De thermofiele bacteriën Het zijn degenen die zich kunnen ontwikkelen in omgevingen met temperaturen hoger dan 50 ° C. De habitats van deze micro-organismen zijn zeer vijandige plaatsen, zoals onder meer hydrothermale ventilatieopeningen, vulkanische gebieden, warmwaterbronnen en woestijnen. Afhankelijk van het temperatuurbereik dat ze ondersteunen, worden deze micro-organismen geclassificeerd als thermofielen, extreme thermofielen en hyperthermofielen..

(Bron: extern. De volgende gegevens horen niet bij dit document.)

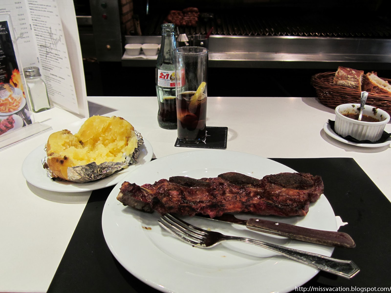 The moment we stepped out of Sol station, it was hot! I mean hot as in you can see the heatwaves raising up from the road! Did I mentioned already that the hottest time of the day in Madrid is not noon, instead it’s around 5pm-7pm after the whole day the road been heated by the hot burning sun? We walked along the way to get back our hotel and hoping to be able to find a restaurant we like to have our dinner. We picked Le Mario by its 9.5 euros menu! Le Mario is a grill-pub restaurant, we sat at the bar table and watched the waiter/cook grilled our food 🙂

Thermofielen gedijen in een temperatuurbereik tussen 50 en 68 ° C, met een optimale groeitemperatuur van meer dan 60 ° C. Extreme thermofielen groeien in een bereik van 35 tot 70 ° C, met een optimale temperatuur van 65 ° C, en hyperthermofielen leven in een temperatuurbereik van 60 tot 115 ° C, met een optimale groei bij ≥80 ° C..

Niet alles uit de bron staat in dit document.